AnchiBERT: A Pre-Trained Model for Ancient ChineseLanguage Understanding and Generation
This addresses the challenge of processing ancient Chinese for cultural and linguistic applications, but it is incremental as it adapts an existing method (BERT) to a new domain.
The authors tackled the problem of natural language processing for ancient Chinese, which lacks large-scale parallel data, by releasing AnchiBERT, a pre-trained model based on BERT trained on monolingual ancient Chinese corpora; it outperformed BERT and non-pretrained models, achieving state-of-the-art results on tasks like poem classification, translation, and generation.
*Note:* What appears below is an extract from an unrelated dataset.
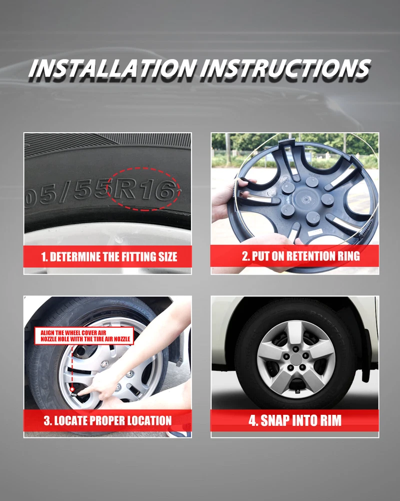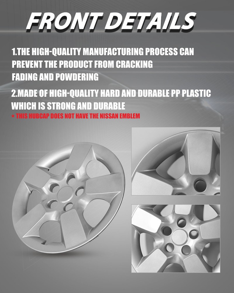 Store Categories Other Car Refrigerator Front Bumper Rear Bumper Fender Flares Inner Fenders Side Steps Running Board A-Pillar Light Mount Brackets Headlights Taillights Fog Lights LED Headlights LED Taillights LED Fog Lights Jeep Chevrolet Ford Toyota Dodge GMC Wheel Covers Features ✴ PERFECT FIT: This wheel hub cap is specifically designed to perfectly fit for 16-inch wheels, ensuring a seamless match and enhanced aesthetics. It complements the overall design of the vehicle, elevating its visual appeal. ✴ HIGH-QUALITY MATERIAL: Constructed from high-quality materials, this wheel hub cap guarantees durability and longevity. It withstands various road conditions and environmental factors encountered during daily driving, maintaining its pristine condition. ✴ EASY INSTALLATION: Installing this wheel hub cap is a breeze and requires no specialized tools or modifications. It comes with a user-friendly system, allowing for a hassle-free installation process by following the provided instructions. ✴ PROTECTIVE FUNCTION: Besides its aesthetic appeal, this wheel hub cap serves as a protective barrier for the wheels. It prevents scratches and potential damage caused by stones, debris, or other objects, safeguarding the wheel's surface. ✴ AFTER-SALES SERVICE: If There Is a Loss of Product Parts, or Any Parts of The Problem, We Can Provide After-Sales Service, Please Contact Us on The Order Page. Wheel Covers Specification ✴ Type: Hub caps ✴ Number in Pack: 4 ✴ Color: Silver Lacquer ✴ Material: ABS ✴ Compatible Wheel Diameter: 16 in ✴ Finish: Glossy ✴ Installation Type: Snap-On ✴ Model: For 2008-2015 Nissan Rogue/For 2008-2015 Nissan Rogue Select Wheel Covers Package ✴ 1 Set of 4 Hub caps and 4 retention rings Payment Delivery details Terms of sales About us Contact us Payment We accept PayPal, credit card , Apple Pay & Google Pay etc. Delivery details All items will be shipped within 1-3 business days after payment received, we will try our best to ship out as soon as we can, hope for your understanding. Please double confirm your address and contact information, which will help the delivery faster and more accurately. Note :buyers who purchase international products need to pay import tariffs!!! Terms of sales Professional installation is highly recommended. Any problem of the item please feel free to contact us first , please D o Not leave negative feedback before that, or simply return it within 60 Days in original condition. We will resolve it for you ASAP. About us Any questions please do not hesitate to contact us directly by eBay message . We will reply you within 24 hours asap, thanks for your understanding. Contact us Should you have any problem or require any further information please feel free to contact us . If you are satisfied with our product and service, please kindly leave us a positive feedback. Popular Categories On Mar 14, 2025 at 20:38:52 PDT, seller added the following information:

Ancient Chinese is the essence of Chinese culture. There are several natural language processing tasks of ancient Chinese domain, such as ancient-modern Chinese translation, poem generation, and couplet generation. Previous studies usually use the supervised models which deeply rely on parallel data. However, it is difficult to obtain large-scale parallel data of ancient Chinese. In order to make full use of the more easily available monolingual ancient Chinese corpora, we release AnchiBERT, a pre-trained language model based on the architecture of BERT, which is trained on large-scale ancient Chinese corpora. We evaluate AnchiBERT on both language understanding and generation tasks, including poem classification, ancient-modern Chinese translation, poem generation, and couplet generation. The experimental results show that AnchiBERT outperforms BERT as well as the non-pretrained models and achieves state-of-the-art results in all cases.